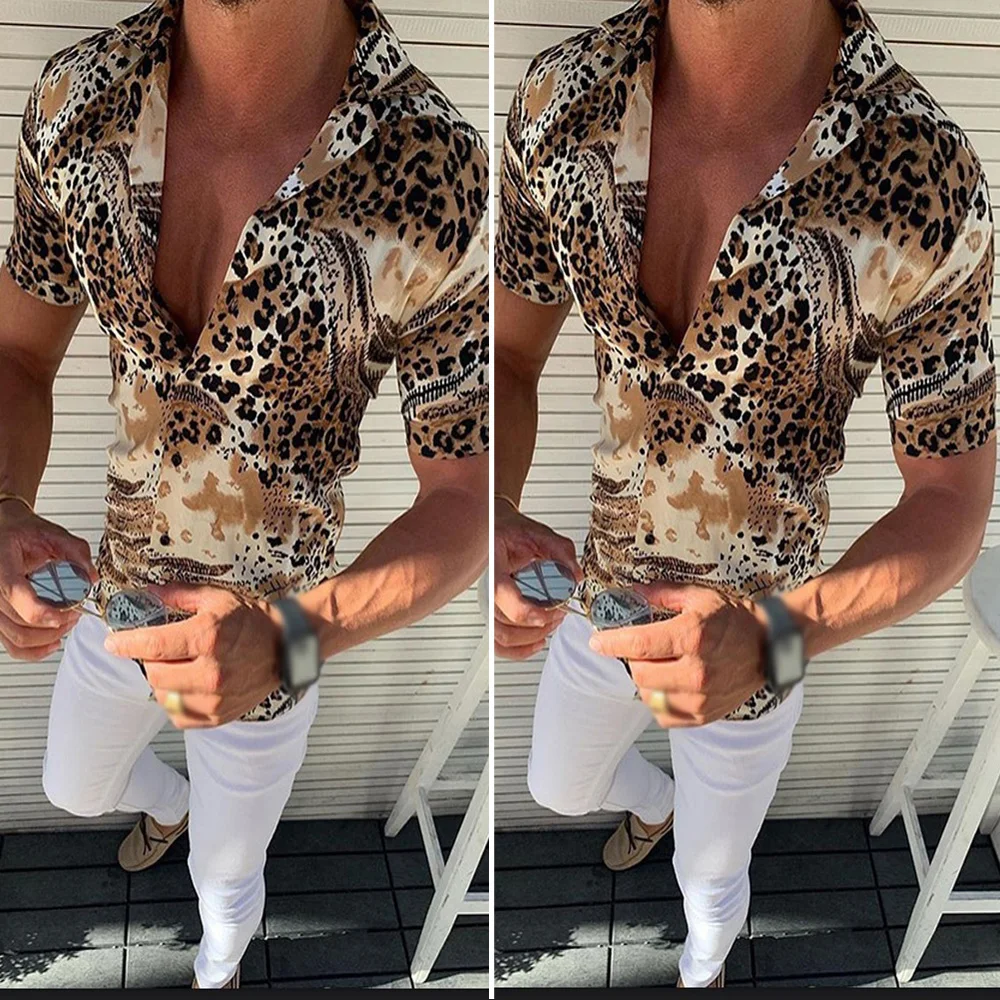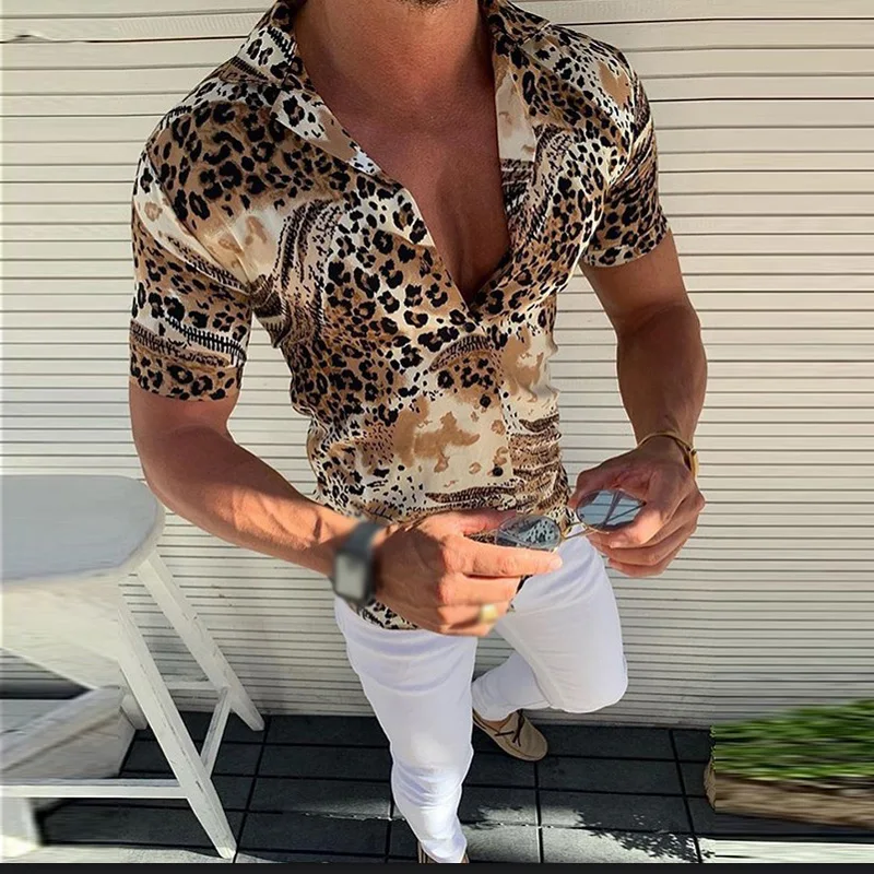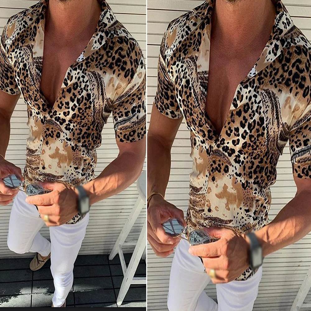 * Описание товара: Мужской, модный, Повседневный, тонкий, Леопардовый принт, лацкан, короткий рукав, футболка
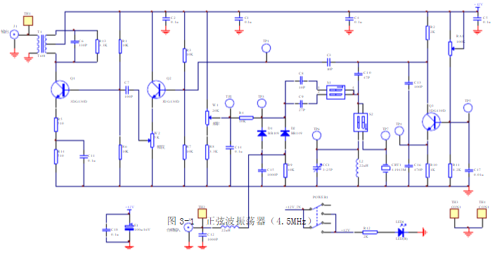 信號流程:Q3振蕩至Q2跟隨至Q1諧振選頻放大輸出;調(diào)頻W1(壓控調(diào)諧,電調(diào)諧),調(diào)幅W2
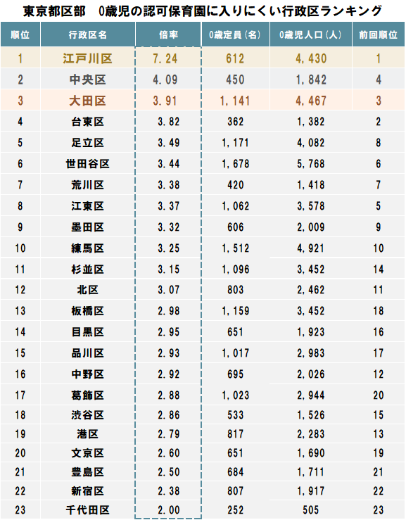 台東区や大田区も上位傾向が続いており、未だ保活は高倍率の状態が継続しています。一方、世田谷区は0歳児人口が23区で最も多いものの、認可相当0歳児定員も多く、倍率は中位にとどまっています。
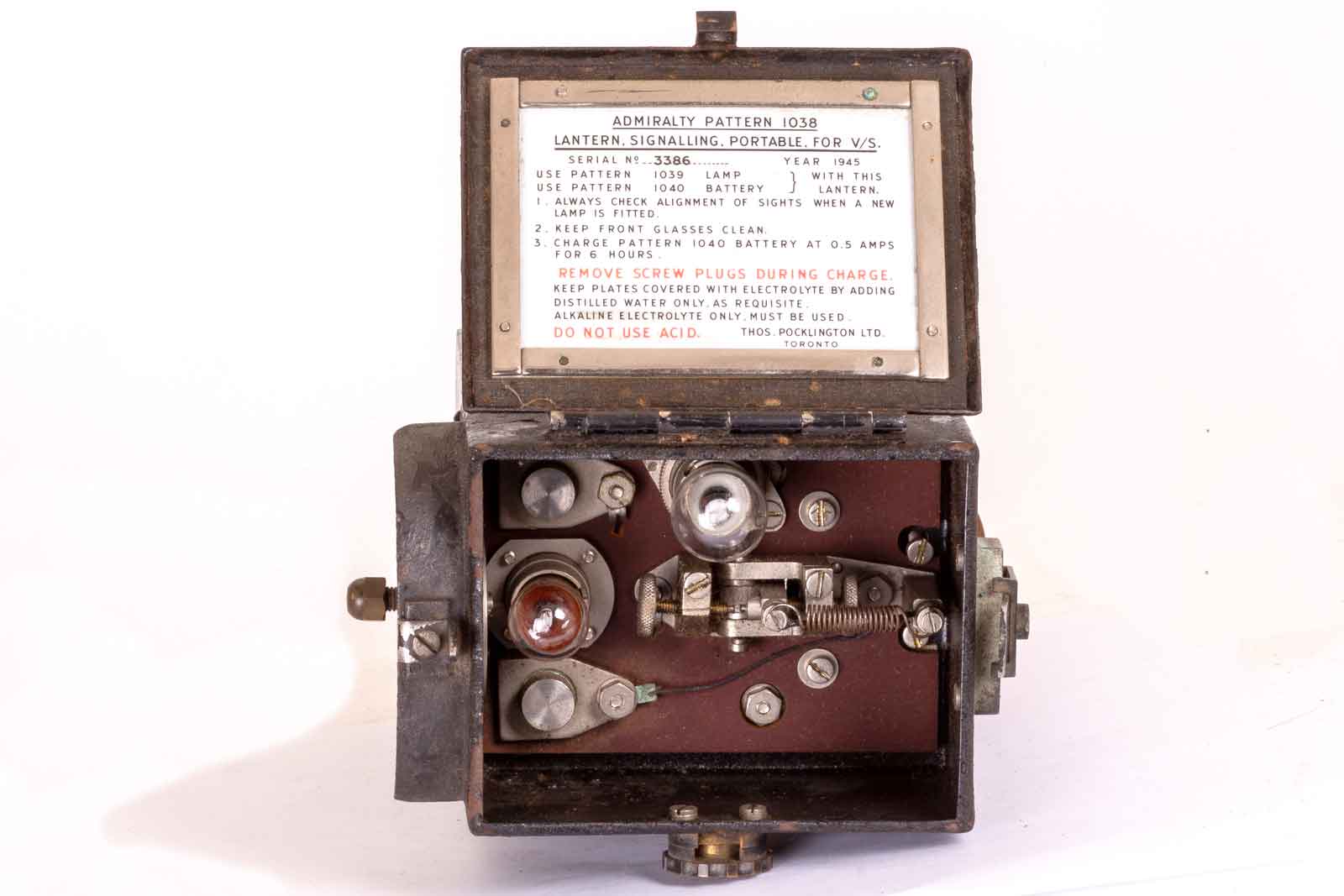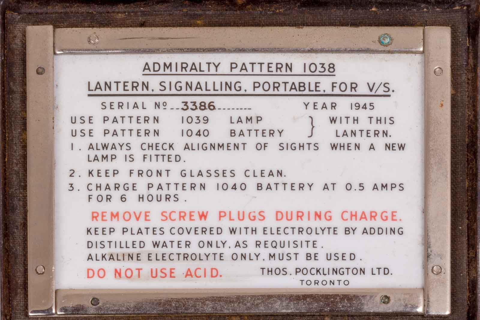Dit is het manual, gemonteerd in het deksel. Dan kun je ook niet zo gemakkelijk kwijt raken. Aan de binnenkant van het deksel staat: "Admiralty Pattern 1038. Lantern Signalling Portable. For V/S.(Visual Signalling), Year 1945. Lamp Pattern 1039. Battery Pattern 1040".
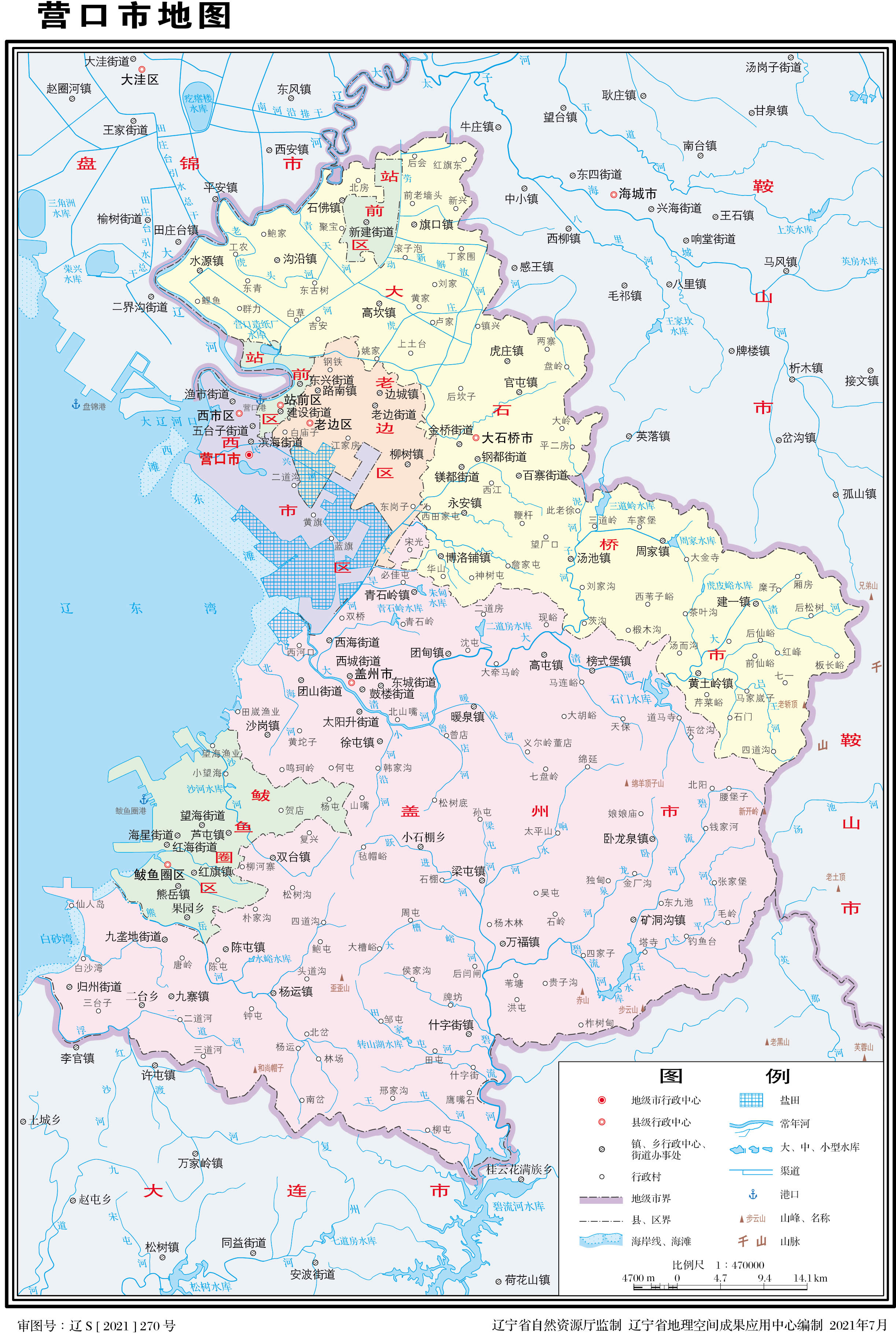 1985年1月,國務(wù)院批準(zhǔn)盤錦設(shè)市,將營口市管轄的盤山縣、大洼縣劃歸盤錦市管轄。營口市共轄蓋縣、營口縣及站前、西市、老邊和鲅魚圈四區(qū)。

> [WHAT IS NEEDED] Retype, exactly and with no pictures, everything above from the line with "信號流程:Q3振蕩至Q2跟隨" down to the line with "台東区や大田区も上位傾向が続", both included.

> [RESULT OF THIS EXERCISE]
 信號流程:Q3振蕩至Q2跟隨至Q1諧振選頻放大輸出;調(diào)頻W1(壓控調(diào)諧,電調(diào)諧),調(diào)幅W2
 台東区や大田区も上位傾向が続いており、未だ保活は高倍率の状態が継続しています。一方、世田谷区は0歳児人口が23区で最も多いものの、認可相当0歳児定員も多く、倍率は中位にとどまっています。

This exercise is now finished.